In a Garden of Children
        At five years old, Christopher could babble but not use words. He had three fingers and a thumb nub on his right hand, with just enough grasp and intelligence to feel around a high chair tray for solid food. All that was left of his left hand was his palm. With both feet amputated and too much mental impairment to use prosthesis, he crawled and due to seizures and cortical blindness felt his way around for local mobility.

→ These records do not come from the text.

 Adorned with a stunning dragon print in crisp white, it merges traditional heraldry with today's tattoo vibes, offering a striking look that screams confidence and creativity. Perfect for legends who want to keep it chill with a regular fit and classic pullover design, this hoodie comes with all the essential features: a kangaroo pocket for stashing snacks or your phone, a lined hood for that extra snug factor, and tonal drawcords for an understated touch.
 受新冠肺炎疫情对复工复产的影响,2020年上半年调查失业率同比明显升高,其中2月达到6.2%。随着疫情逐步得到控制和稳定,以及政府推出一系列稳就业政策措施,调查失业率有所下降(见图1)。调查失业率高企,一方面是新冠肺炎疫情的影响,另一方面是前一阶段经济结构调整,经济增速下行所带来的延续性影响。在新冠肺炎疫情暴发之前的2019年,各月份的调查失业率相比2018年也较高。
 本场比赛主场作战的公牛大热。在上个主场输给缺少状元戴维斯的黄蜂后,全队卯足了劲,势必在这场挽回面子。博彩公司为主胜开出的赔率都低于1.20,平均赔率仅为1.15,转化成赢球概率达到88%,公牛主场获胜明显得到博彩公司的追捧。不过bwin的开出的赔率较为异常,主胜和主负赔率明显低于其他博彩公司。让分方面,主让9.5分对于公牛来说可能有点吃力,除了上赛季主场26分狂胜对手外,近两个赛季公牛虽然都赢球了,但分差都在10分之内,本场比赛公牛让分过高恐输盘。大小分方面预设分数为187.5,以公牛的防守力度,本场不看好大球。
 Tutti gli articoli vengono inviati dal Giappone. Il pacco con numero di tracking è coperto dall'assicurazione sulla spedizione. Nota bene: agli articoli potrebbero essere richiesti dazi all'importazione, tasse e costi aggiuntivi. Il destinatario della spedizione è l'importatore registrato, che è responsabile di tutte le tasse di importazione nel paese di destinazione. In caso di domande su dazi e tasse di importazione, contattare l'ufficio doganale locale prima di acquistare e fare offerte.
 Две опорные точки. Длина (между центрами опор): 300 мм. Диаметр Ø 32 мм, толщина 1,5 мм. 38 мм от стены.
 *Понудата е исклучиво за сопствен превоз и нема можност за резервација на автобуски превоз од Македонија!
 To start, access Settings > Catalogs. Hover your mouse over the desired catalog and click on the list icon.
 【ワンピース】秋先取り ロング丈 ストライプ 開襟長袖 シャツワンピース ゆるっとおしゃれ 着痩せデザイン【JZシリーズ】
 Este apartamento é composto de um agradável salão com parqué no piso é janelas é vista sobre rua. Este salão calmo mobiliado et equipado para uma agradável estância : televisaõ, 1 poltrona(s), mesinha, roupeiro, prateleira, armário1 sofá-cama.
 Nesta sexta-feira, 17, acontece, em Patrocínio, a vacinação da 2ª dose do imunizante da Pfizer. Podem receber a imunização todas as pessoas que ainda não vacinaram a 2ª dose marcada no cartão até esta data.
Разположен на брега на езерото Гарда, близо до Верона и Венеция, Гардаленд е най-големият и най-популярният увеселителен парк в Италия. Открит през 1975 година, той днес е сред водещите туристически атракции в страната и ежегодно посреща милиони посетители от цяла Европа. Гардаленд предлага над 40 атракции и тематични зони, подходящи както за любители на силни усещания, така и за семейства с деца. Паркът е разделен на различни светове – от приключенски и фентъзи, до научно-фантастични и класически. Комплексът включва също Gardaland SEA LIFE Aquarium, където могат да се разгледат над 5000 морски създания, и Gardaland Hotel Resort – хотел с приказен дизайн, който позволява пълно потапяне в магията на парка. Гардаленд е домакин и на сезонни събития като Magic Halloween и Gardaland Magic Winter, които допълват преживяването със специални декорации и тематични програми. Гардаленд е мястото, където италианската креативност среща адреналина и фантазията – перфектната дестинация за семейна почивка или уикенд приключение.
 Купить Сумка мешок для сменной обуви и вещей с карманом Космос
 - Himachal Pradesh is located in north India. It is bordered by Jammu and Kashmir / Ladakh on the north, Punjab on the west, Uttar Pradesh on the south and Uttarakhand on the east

       He attended the special needs class at the local kindergarten. Instead of a permission slip for field trips, he now took a DNR letter along with his diapers, bottles, and snacks. Instead of a relative to contact in case of emergency, he carried the name of a hospice nurse to contact in case of death. I continued to worry that Christopher would seize in school, and they would call an ambulance and he would get stuck in yet another level of limbo. I talked his teachers through how not to intervene. They wanted to know what to do exactly if he died on their watch. I told the teachers that wherever he died, I planned to hold him and sing to him until my sisters from hospice arrived. They wanted to know exactly what they should sing to him. We had talked to the children about his death and how it would be a birthday for him, a birthday in heaven. We had planned to sing Happy Birthday in heaven.
      Hospice had reassured the staff at the special needs kindergarten class that it was okay to have a child in their room who was going to die, perhaps soon, perhaps at school. She helped them understand that it was all right not to intervene with a child as medically fragile as Christopher.
I felt comfortable that they would love Christopher until his last day. I wanted him to die at home, but the arms of anyone who loved him was home.